# TT roadster trunk space



## Tihon (Dec 26, 2006)

Dear guys,

I'm into buying a roadster (maybe a coupe) but it all depends on the trunk space. Is it possible to fit two golf bags in the trunk of a roadster? With folding carts too.

thx

cheers

Tihon


----------



## EMMAMAC (May 30, 2006)

Hello
You would be lucky to put that amount of gear in any boot space so my answer to you on fitting them in a TT is NO
EMMA


----------



## Wak (May 6, 2002)

At a guess I'd say no!

this is what you can get into a coupe, but you can fold the seats down and get more.. no option in a roadster.


----------



## Wak (May 6, 2002)

even gangsters dont buy roadsters because of boot space...useless even if you cut the arms off!


----------



## jam225 (Jun 24, 2003)

Tihon said:


> Is it possible to fit two golf bags in the trunk of a roadster? With folding carts too.


The most clubs I could fit in my coupe were 2 bags and 1 powakaddy and thats with the seat down.

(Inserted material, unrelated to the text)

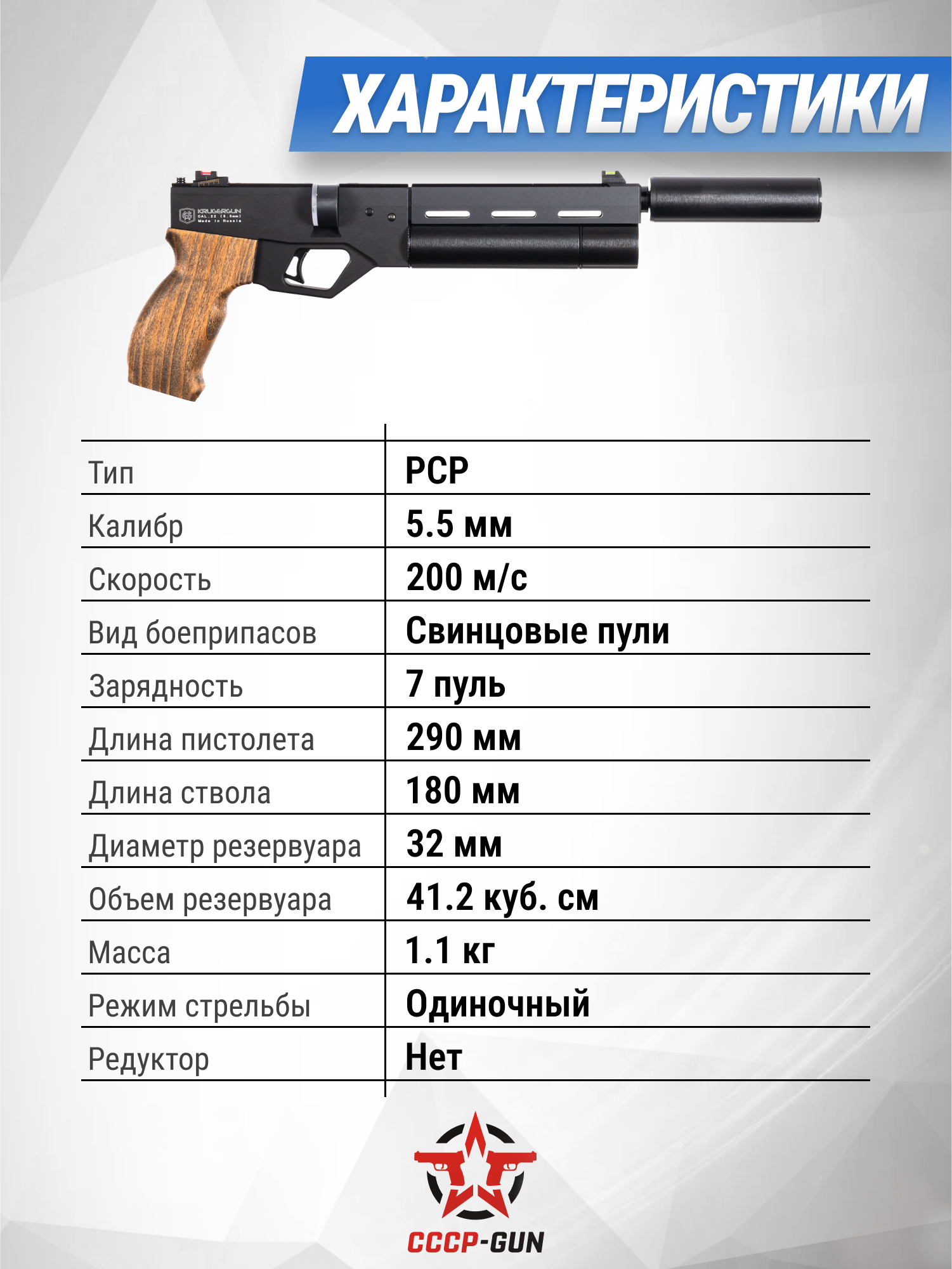 Помимо отмеченных особенностей, требуется обратить внимание на высокую степень удобства эксплуатации изделия. За счет эргономичной формы деревянной рукояти, описываемый пистолет КрюгерГан Корсар удобен в обращении в любом положении ведения стрельбы. Кроме того, по желанию пользователя пневматика может быть дополнена прикладом скелетного типа, который приобретается отдельно и монтируется в основании пистолетной рукоятки.

A roadster would be a no-no


----------



## WorsleyTTdriver (Dec 22, 2006)

The boot on the TT150 is a fair bit bigger than the others in the range.


----------



## J55TTC (Apr 25, 2005)

WorsleyTTdriver said:


> The boot on the TT150 is a fair bit bigger than the others in the range.


Only depth wise though, and I think its the length / width where youll struggle to fit golf clubs in :?


----------



## EMMAMAC (May 30, 2006)

*Hey i have a great idea why don't you do what these two below have done then you could keep your clubs on the top of your car all the time.*










*Or if you are this size you could keep them in the glovebox*










*Just kidding around have a great New Year*


----------



## Wallsendmag (Feb 12, 2004)

I thought only elephants and oceam liners had trunks :lol:


----------



## EMMAMAC (May 30, 2006)

*Hi again
With the seats down you might get all this in a coupe, my advice is to take all your golf clubs and bags and trolly and golf balls to your nearest AUDI dealers and try the boot space out for your self.

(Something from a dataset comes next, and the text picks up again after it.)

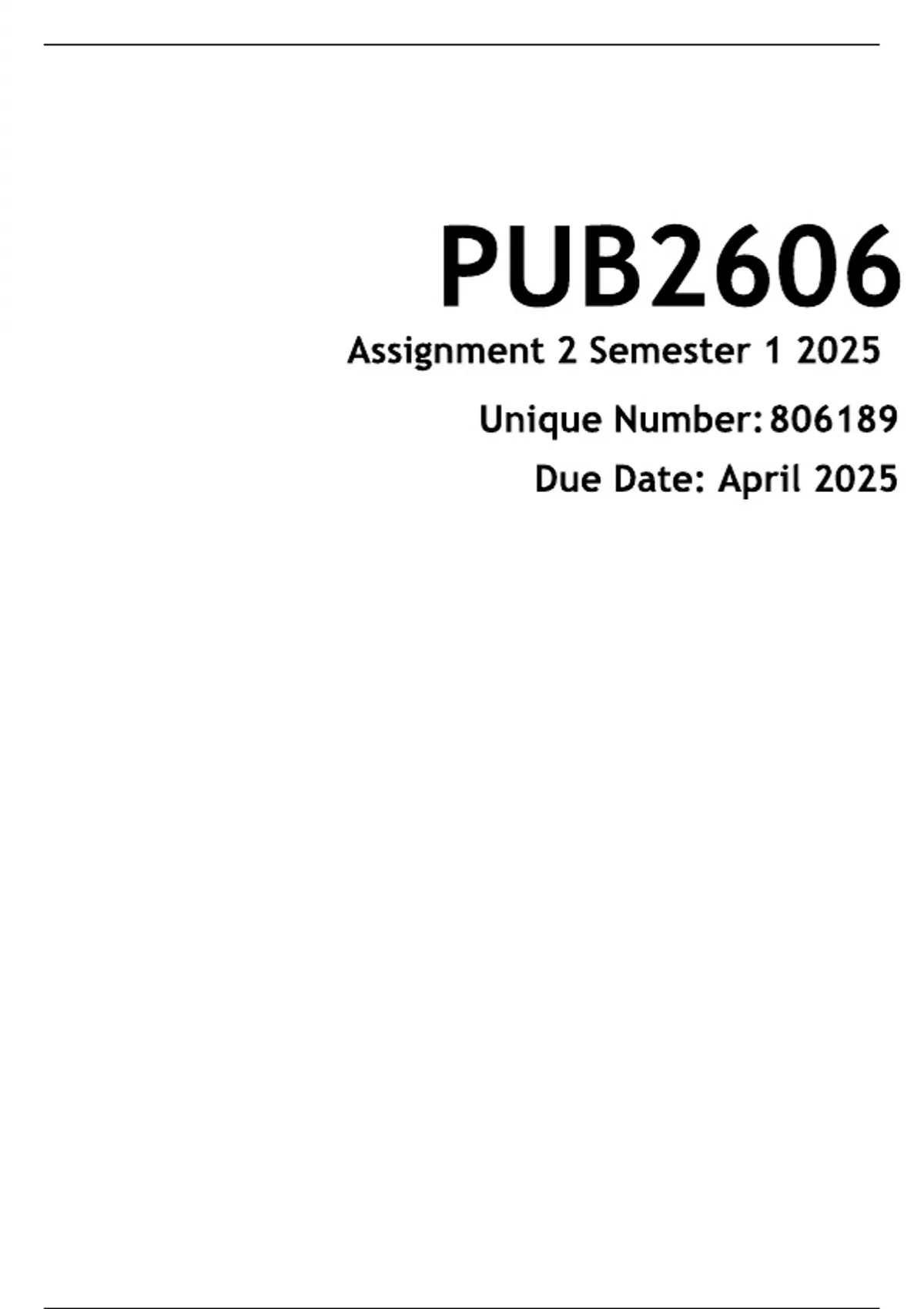 PUB2606 Assignment 2 (COMPLETE ANSWERS) semester 1 2025 DUE April 2025

Does anyone know where i can get a kit for my TT like the ones below??? lol*


----------



## robokn (Feb 21, 2006)

not a chance mine fit in the front foot well


----------



## eod-andy-TTR225 (Jul 11, 2005)

I put one bag in the passenger seat and the trolley fits in the boot


----------



## Tihon (Dec 26, 2006)

thx a lot for all your answers, some photos were really helpfull LOL. I guess it'll be a coupe then, with rear seats down or something similar. My local Audi dealer has none in the showroom, guess they are waiting for the new model to show off. And I plan to get me a used one as i (sigh) can't afford a new one

thx a lot guys


----------



## dooka (Apr 28, 2006)

you want to try and being a windsurfer then, no room for any of my equipment, apart from wetsuit harness and boots, its a nightmare..


----------